通过TRACE不难发现 因为之前没有收集过TEST表的统计信息, 所以这里出发了Dynamic Sampling的动态采样,这本身会引发对TEST表的 CR读请求,实际产生了一次’gc cr block 2-way’ 等待:

2012-04-29 07:28:33.632654 : kjbsentscn[0x0.12bbc1][to 2]

12bbc1= 1227713  与上述X$BH中的一个CR块对应,kjbsentscn[0x0.12bbc1][to 2] 可以理解为 向 Instance 2 发送了SCN=12bbc1=1227713   DBA=0x15c91.1 76896.0 的  CR Request(obj#=76896)

之后kjbrcvdscn函数确认了 [no bscn <= rscn 0x0.12bbc1][from 2] ,即没有 比已receive的 SCN Version =12bbc1 更好的Best Version

 

CR Server Arch

CR Server in Oracle9i Release 2 There are three instances involved: the requestor instance, the lock master instance, and the current block owner instance. The lock is granted if one of the following is true: Resource held mode is NULL. Resource held mode is S and there is no holder of an S lock in the master node. Otherwise, the master forwards the CR request to the holder node. If the lock is global, then you choose a node to forward the CR request to as follows: If there is a past image (PI) at the lock master instance, and the PI SCN is greater than snap-scn, then the master node is this node. Otherwise, you choose a PI with the smallest SCN and PI-SCN greater than snap-SCN. The owner node of this PI is the node you forward the CR request to. The PI with smallest SCN is the most interesting one, because you have less UNDO to be applied.
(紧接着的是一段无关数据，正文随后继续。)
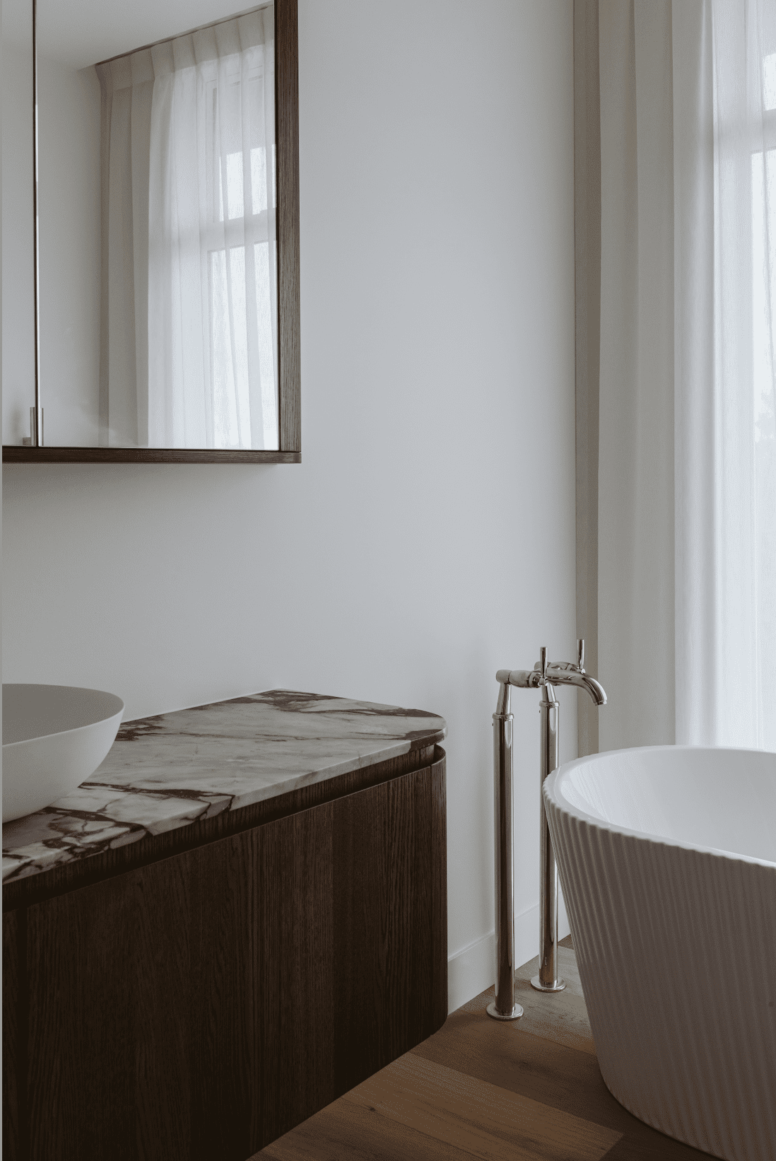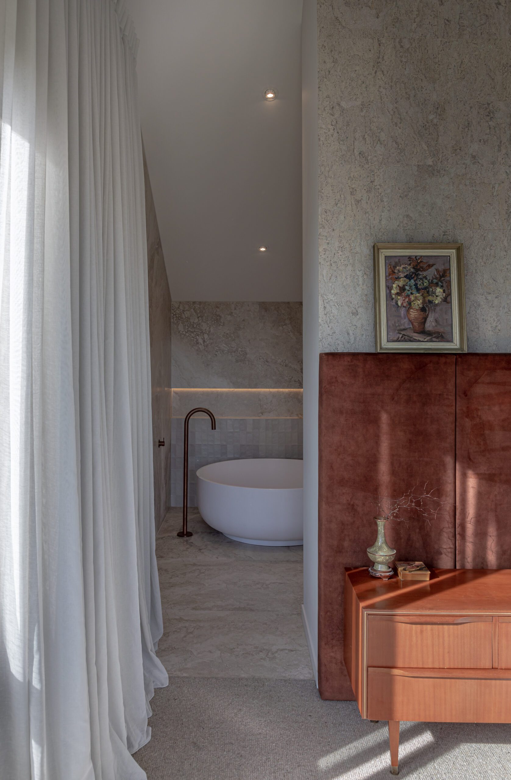 In a villa renovation by Jones Architects, interior firm Sticks+Stones Design crafted a small, unassuming en suite that packs a big punch.
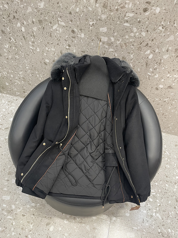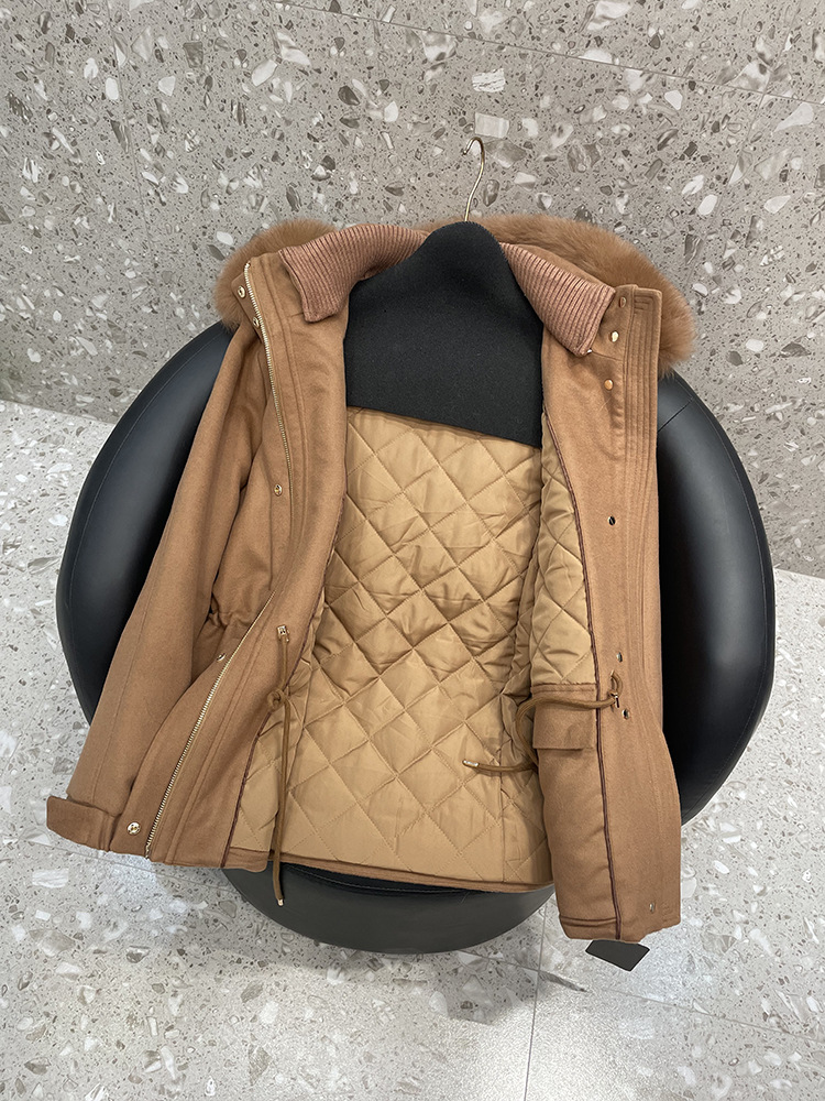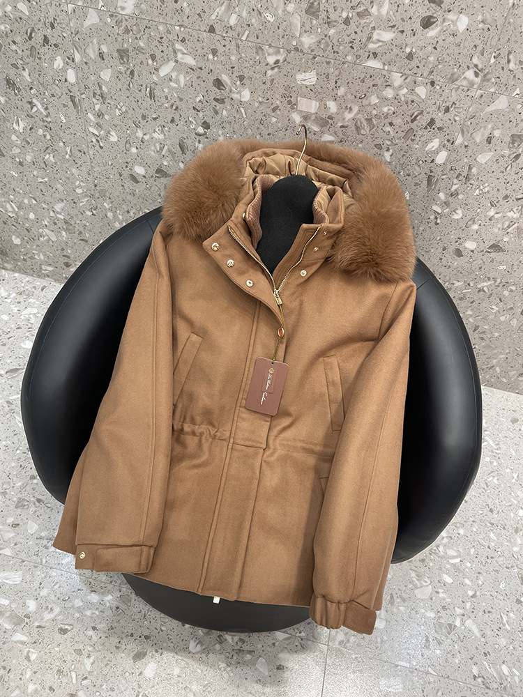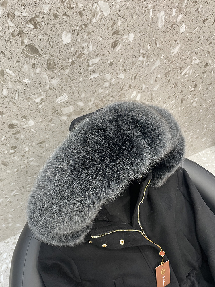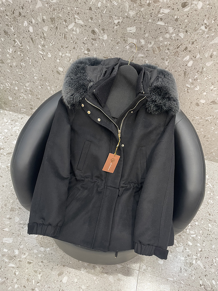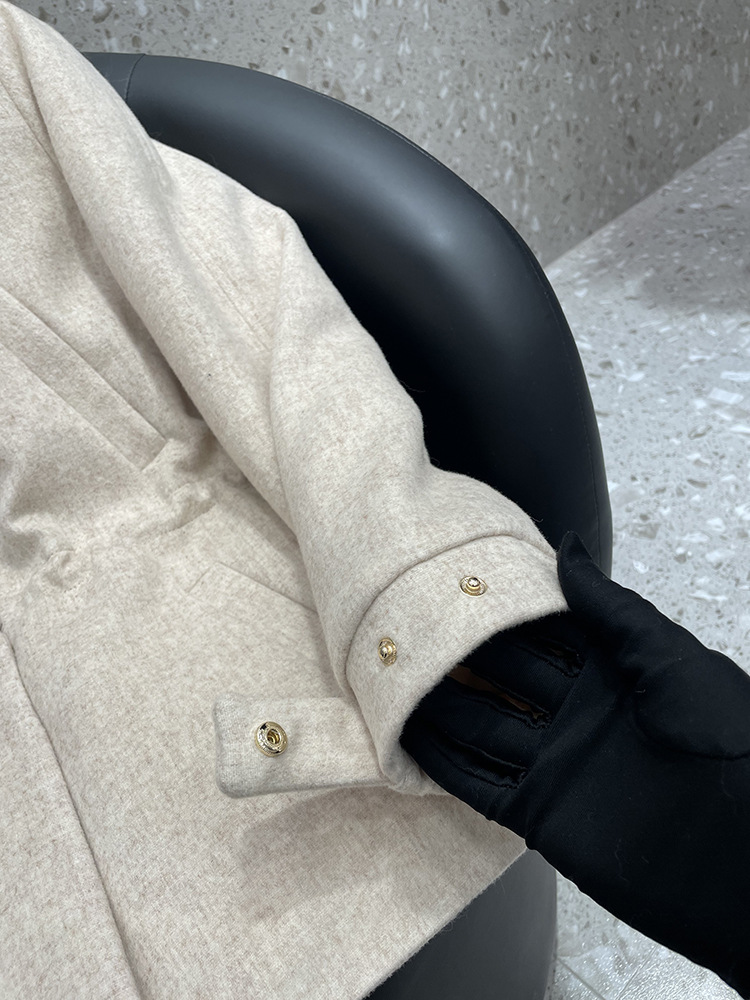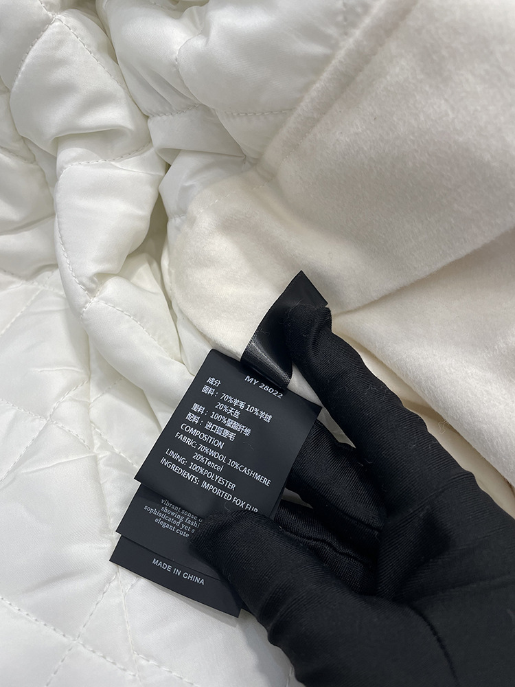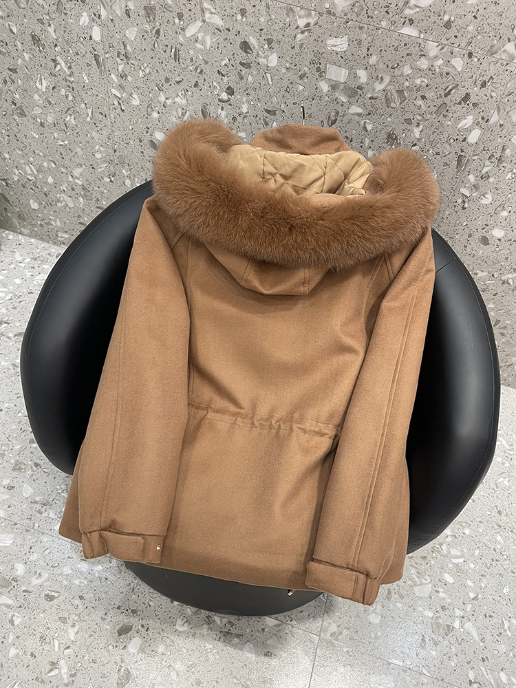 2025 가을 겨울 신상 LP 동일 스타일 크림 화이트 스키복 여우털 칼라 짧은 울 모직 코트 여성용

If there is no PI at all, you choose the node that the current buffer belongs to.

 

 

动态采样完成后才真正执行了用户发出的SELECT语句:

 

 

PARSING IN CURSOR #140444682869592 len=18 dep=0 uid=0 oct=3 lid=0 tim=1335698913635874 hv=1689401402 ad='b1a188f0' sqlid='c99yw1xkb4f1u'
select * from test
END OF STMT
PARSE #140444682869592:c=4999,e=34017,p=0,cr=7,cu=0,mis=1,r=0,dep=0,og=1,plh=1357081020,tim=1335698913635870
EXEC #140444682869592:c=0,e=23,p=0,cr=0,cu=0,mis=0,r=0,dep=0,og=1,plh=1357081020,tim=1335698913635939
WAIT #140444682869592: nam='SQL*Net message to client' ela= 7 driver id=1650815232 #bytes=1 p3=0 obj#=0 tim=1335698913636071

*** 2012-04-29 07:28:33.636
kclscrs: req=0 block=1/89233

*** 2012-04-29 07:28:33.636
kclscrs: bid=1:3:1:0:7:83:1:0:4:0:0:0:1:2:4:1:26:0:0:0:70:1a:0:0:0:0:0:0:0:0:0:0:0:0:0:0:0:0:0:0:4:3:2:1:2:0:2:0:1c:86:2d:4:0:0:0:0:a2:3c:7c:b:70:1a:0:0:0:0:1:0:7d:f8:76:1d:1:2:dc:5:a9:fe:17:75:0:0:0:0:0:0:0:0:0:0:0:0:63:e5:0:0:0:0:0:0:10:0:0:0
2012-04-29 07:28:33.636209 : kjbcrc[0x15c91.1 76896.0][9]
2012-04-29 07:28:33.636228 : GSIPC:GMBQ: buff 0xba0e5d50, queue 0xbb79f278, pool 0x60013fa0, freeq 1, nxt 0xbb79f278, prv 0xbb79f278
2012-04-29 07:28:33.636244 : kjbmscrc(0x15c91.1)seq 0x3 reqid=0x1d(shadow 0xb4bb4458,reqid x1d)mas@2(infosz 200)(direct 1)
2012-04-29 07:28:33.636252 : kjbsentscn[0x0.12bbc4][to 2]
2012-04-29 07:28:33.636358 : GSIPC:SENDM: send msg 0xba0e5dc0 dest x20001 seq 24029 type 32 tkts xff0000 mlen x17001a0
2012-04-29 07:28:33.636861 : GSIPC:KSXPCB: msg 0xba0e5dc0 status 30, type 32, dest 2, rcvr 1

*** 2012-04-29 07:28:33.637
kclwcrs: wait=0 tm=865

*** 2012-04-29 07:28:33.637
kclwcrs: got 1 blocks from ksxprcv
WAIT #140444682869592: nam='gc cr block 2-way' ela= 865 p1=1 p2=89233 p3=1 obj#=76896 tim=1335698913637294
2012-04-29 07:28:33.637356 : kjbcrcomplete[0x15c91.1 76896.0][0]
2012-04-29 07:28:33.637374 : kjbrcvdscn[0x0.12bbc4][from 2][idx 2012-04-29 07:28:33.637389 : kjbrcvdscn[no bscn <= rscn 0x0.12bbc4][from 2]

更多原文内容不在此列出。